Let V be the set of ordered pairs [a,b] of real
numbers. Decide with clear reason, whether or
not V is a vector space over a field of real
numbers with addition in V and scaler multiplication on V defined by:
a) [a,b]+[c,d] =[ac, bd]
b) k[a,b] = [ka, kb]
c) [a,b]+[c,d] = [(a+c), (b+d)]
c) k[a,b] = [a,b]
step plz i beg idealess
Scalar multiplication properties makes d wrong, and b correct.
Vector addition rules make a) very wrong, and c correct.
I look at the words "clear reason", and wonder. There properties of vectors are pretty basic, http://www.math.ubc.ca/~feldman/m226/vectorppties.pdf
Vector addition and subtraction
Combined vector operations
To determine if the set of ordered pairs [a, b] of real numbers, denoted as V, is a vector space over a field of real numbers, we need to check if it satisfies the properties of vector addition and scalar multiplication.
Here are the steps to determine if V is a vector space:
1. Check closure under vector addition: For any [a,b] and [c,d] in V, compute [a, b] + [c, d] using the given addition operation.
a) [a, b] + [c, d] = [ac, bd]
b) [a, b] + [c, d] = [(a + c), (b + d)]
Verify if both results are also in V, i.e., if ac, bd, (a + c), and (b + d) are all real numbers. If they are, then V satisfies closure under vector addition.
2. Check existence of additive identity: There must be an identity element, denoted as 0, such that for any [a, b] in V, [a, b] + 0 = [a, b].
Substitute [a, b] and 0 into the addition operation obtained in step 1 to verify if the equation holds true. If it does, then V has an additive identity.
3. Check existence of additive inverse: For any [a, b] in V, there must exist another element, denoted as -[a, b], such that [a, b] + (-[a, b]) = 0.
Substitute [a, b] and -[a, b] into the addition operation obtained in step 1 and verify if the equation yields the additive identity (0). If it does, then V has additive inverses.
4. Check closure under scalar multiplication: For any scalar k and [a, b] in V, compute k[a, b] using the given scalar multiplication operation.
a) k[a, b] = [ka, kb]
b) k[a, b] = [a, b]
Verify if both results are in V, i.e., if ka, kb, a, and b are all real numbers. If they are, then V satisfies closure under scalar multiplication.
5. Check compatibility with field operations: For any scalars k, l and [a, b] in V, test if the following properties hold:
- Distributive property: k([a, b] + [c, d]) = k[a, b] + k[c, d]
- Distributive property: (k + l)[a, b] = k[a, b] + l[a, b]
- Associative property: (kl)[a, b] = k(l[a, b])

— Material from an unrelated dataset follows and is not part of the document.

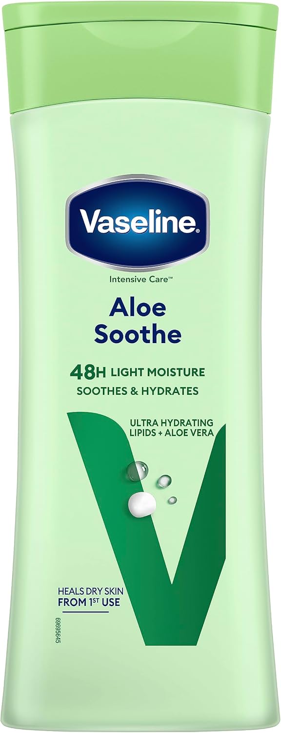 Vaseline Aloe Soothe body lotion contains micro-droplets of Vaseline Jelly to lock in moisture to provide deep healing skin care
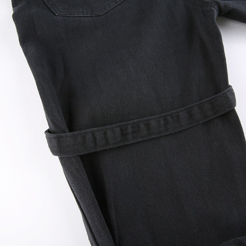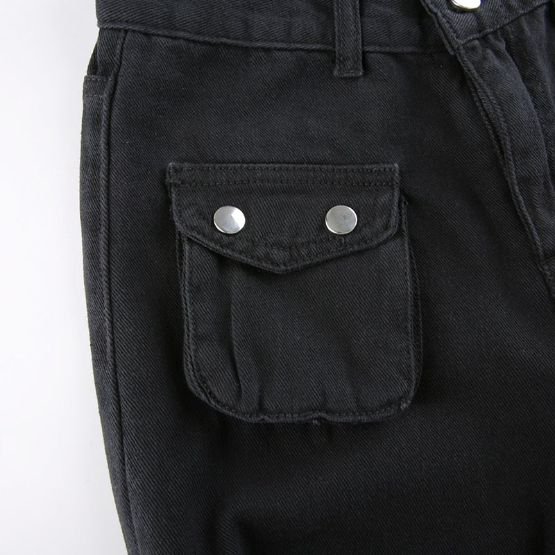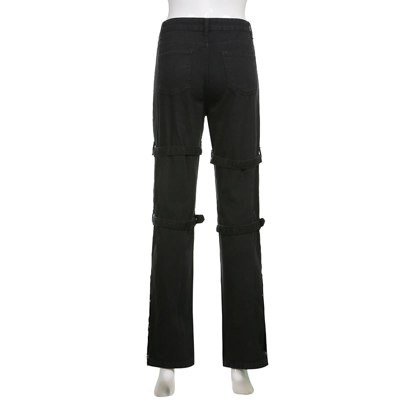 Best Selling Black Baggy Cargo Buckle Pants- Alt Style

- Multiplicative identity: 1[a, b] = [a, b]
Substitute values into the corresponding operations from earlier steps and verify if the properties hold true. If they do, then V satisfies compatibility with field operations.
If V satisfies all of these properties, then it can be considered a vector space over a field of real numbers. If any one of the properties fails, then V is not a vector space.